Exercise: Please set down the data again exactly, minus the pictures.

Supplied information:
++++++++++++++++++++
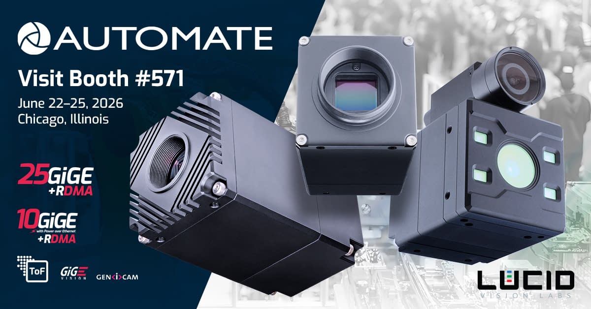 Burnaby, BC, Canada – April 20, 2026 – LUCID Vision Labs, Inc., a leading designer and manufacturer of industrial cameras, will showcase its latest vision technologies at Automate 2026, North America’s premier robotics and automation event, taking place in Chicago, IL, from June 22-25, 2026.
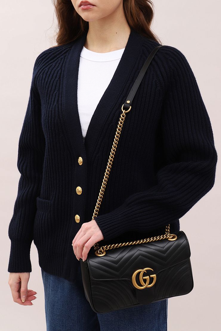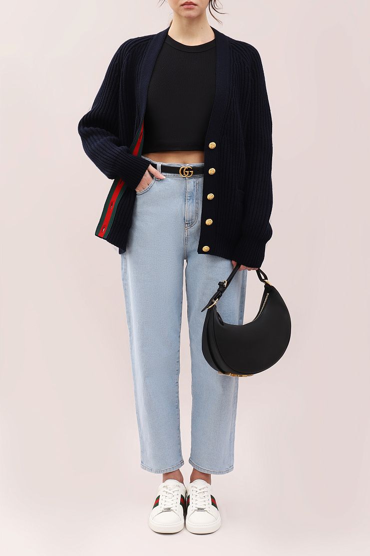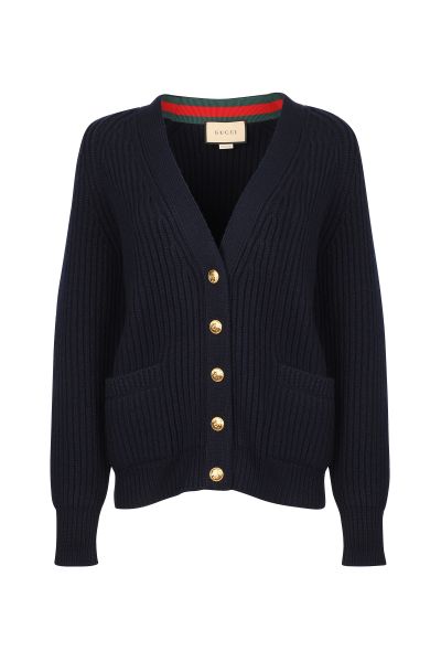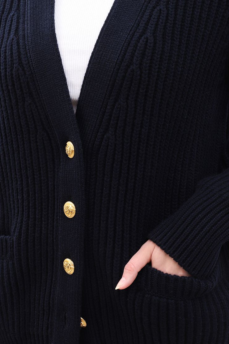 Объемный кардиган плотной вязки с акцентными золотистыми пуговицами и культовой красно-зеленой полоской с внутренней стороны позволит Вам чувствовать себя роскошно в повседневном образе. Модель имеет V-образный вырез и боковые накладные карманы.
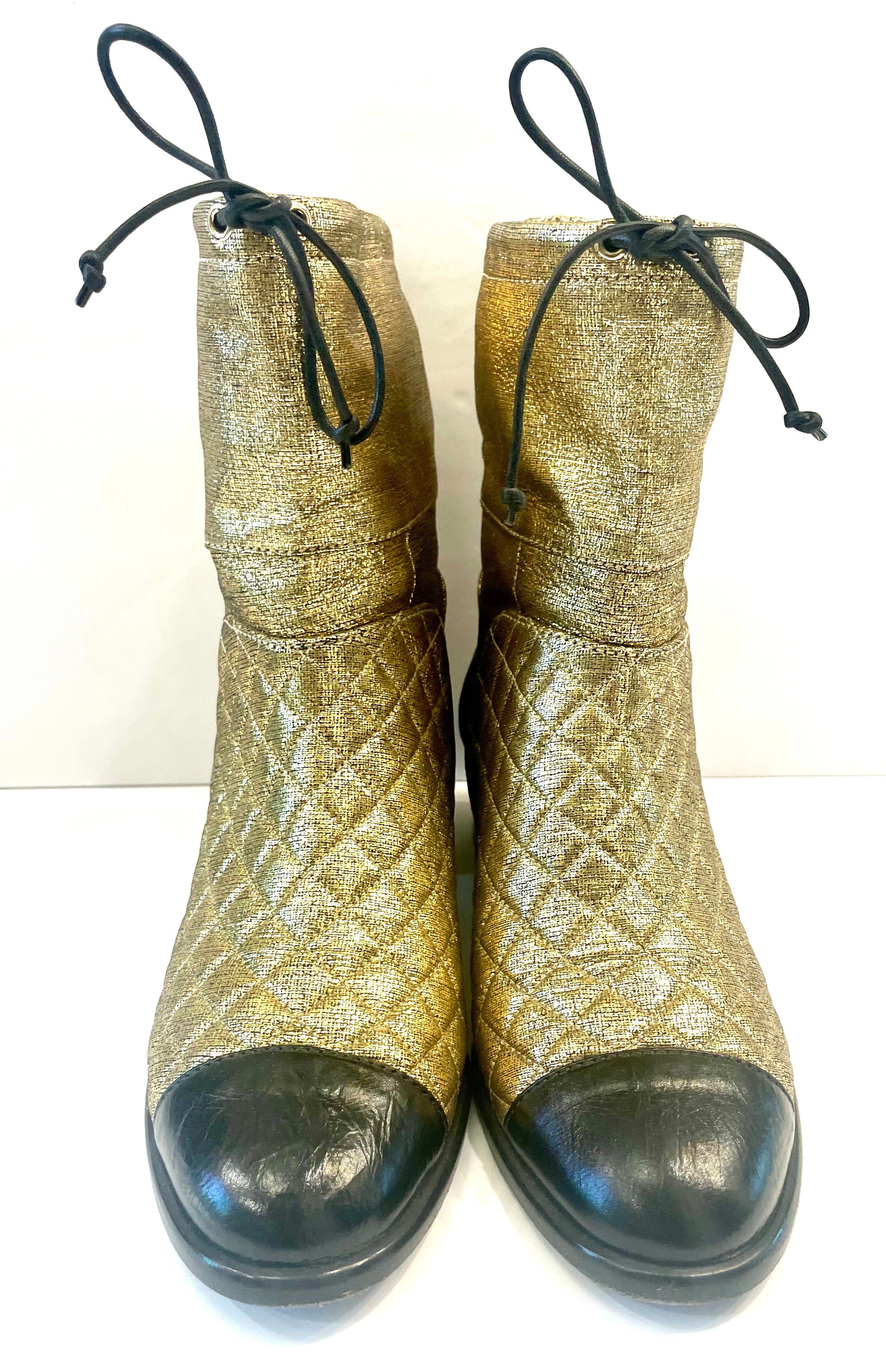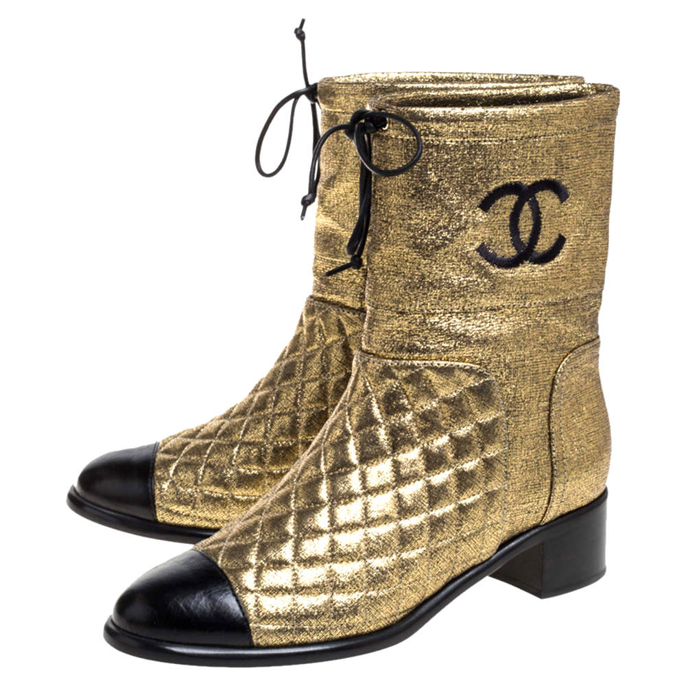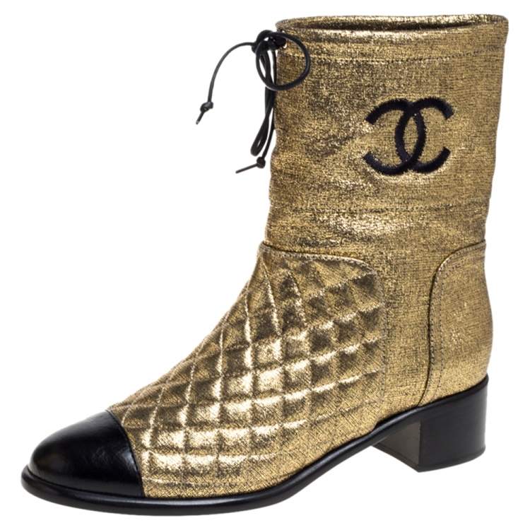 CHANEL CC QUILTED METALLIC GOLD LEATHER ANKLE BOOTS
++++++++++++++++++++
Answer for the task:
 Burnaby, BC, Canada – April 20, 2026 – LUCID Vision Labs, Inc., a leading designer and manufacturer of industrial cameras, will showcase its latest vision technologies at Automate 2026, North America’s premier robotics and automation event, taking place in Chicago, IL, from June 22-25, 2026.
 Объемный кардиган плотной вязки с акцентными золотистыми пуговицами и культовой красно-зеленой полоской с внутренней стороны позволит Вам чувствовать себя роскошно в повседневном образе. Модель имеет V-образный вырез и боковые накладные карманы.
 CHANEL CC QUILTED METALLIC GOLD LEATHER ANKLE BOOTS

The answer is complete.